Bilahari Kausikan, former Permanent Secretary of the Ministry of Foreign Affairs, has written a tribute to Lee Kuan Yew.
Those of us who were privileged to work with Mr Lee Kuan Yew in whatever capacity, cannot but feel a profound personal sense of grief. Mr Lee was not only a great leader – that is obvious – he was a man, human, and thus inevitably complex. He evoked the entire range of human emotions, and evoked them strongly. His legacy will be many-faceted and debated for many years.
As a young MFA officer, I was fortunate to have attended many meetings with Mr Lee and to have travelled with him. Later in my career, I sat in on policy discussions, several at times of crisis. I never intended to be a civil servant. I had prepared myself for an academic career. But I soon realised that most of what I thought I knew was at least superficial, if not downright irrelevant. My real education in international relations began only when my life intersected, however tangentially, with Mr Lee.
First of all, I learnt not to be ashamed to be a patriot. To the young, as I then was, the term carries a vague, undefinable whiff of unfashionable mustiness. But to serve the Republic of Singapore in any capacity is no mean profession because if Singapore does not survive, no other value can be realised in this vale of tears we call the world.
You may think that all diplomats or all statesmen must obviously serve their own countries’ interests. Well, they certainly ought to. But as I grew more experienced in the craft of diplomacy, I observed that this was all too often the exception rather than the rule; that too many leaders and diplomats, from too many countries, too often confuse personal interests with national interests, or convince themselves that these are synonymous.

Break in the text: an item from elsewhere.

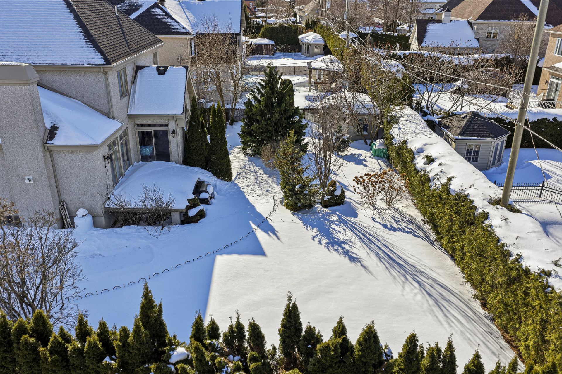 Le garage double et la cour arrière bordée de haies avec cabanon ajoutent aux avantages de la propriété.

There is no creature more susceptible to self-deception than certain types of diplomats or erstwhile statesmen. The worst types believe that whatever they do is necessarily important simply because they do it – they and no one else, because, of course, they are the centre of the universe. Mr Lee was never like that. He is often described as a global statesman, and so he was. But I doubt Mr Lee ever set much store by that appellation or any of the many formal honours he was given by foreign countries. These were means, not ends. His laser-like focus – his “universe” if you like – was always Singapore. He operated on a global stage, but only for Singapore. He won many friends and was personally greatly admired around the world. But this was always deployed for Singapore. He spoke his mind and never hesitated to do what necessity dictated for Singapore’s interests, even if it put his personal friendships at risk.
Second, I learnt that the pursuit and defence of Singapore’s interests must be grounded in a clinical and clear-eyed, indeed cold-blooded and intellectually ruthless, understanding of the environment in which a small country operates. Small countries cannot afford illusions. Mr Lee never mistook the necessary politesse and hypocrisies of statecraft and diplomacy for reality. He took as the starting point the world as it is; a world as full of promise and opportunity but a world also inevitably flawed and, so, often perilous. Mr Lee invariably cut through all the fluff that usually conceals the hard realities of international relations. He zeroed in on the very core of any issue or situation. His analysis was always holistic, enriched and given depth and breadth by his realistic understanding of history, of different cultures and, ultimately, of human nature in all its rich variety. He pursued what was possible in practice, not what was desirable on principle. He wanted to get things done. He always dared to try – Singapore would not exist otherwise – but was not given to chasing chimeras. This is again rarer than one might expect. Mr Lee never stopped learning and was never too proud to seek information even from the most junior, and certainly never too proud to change his mind whenever the situation warranted.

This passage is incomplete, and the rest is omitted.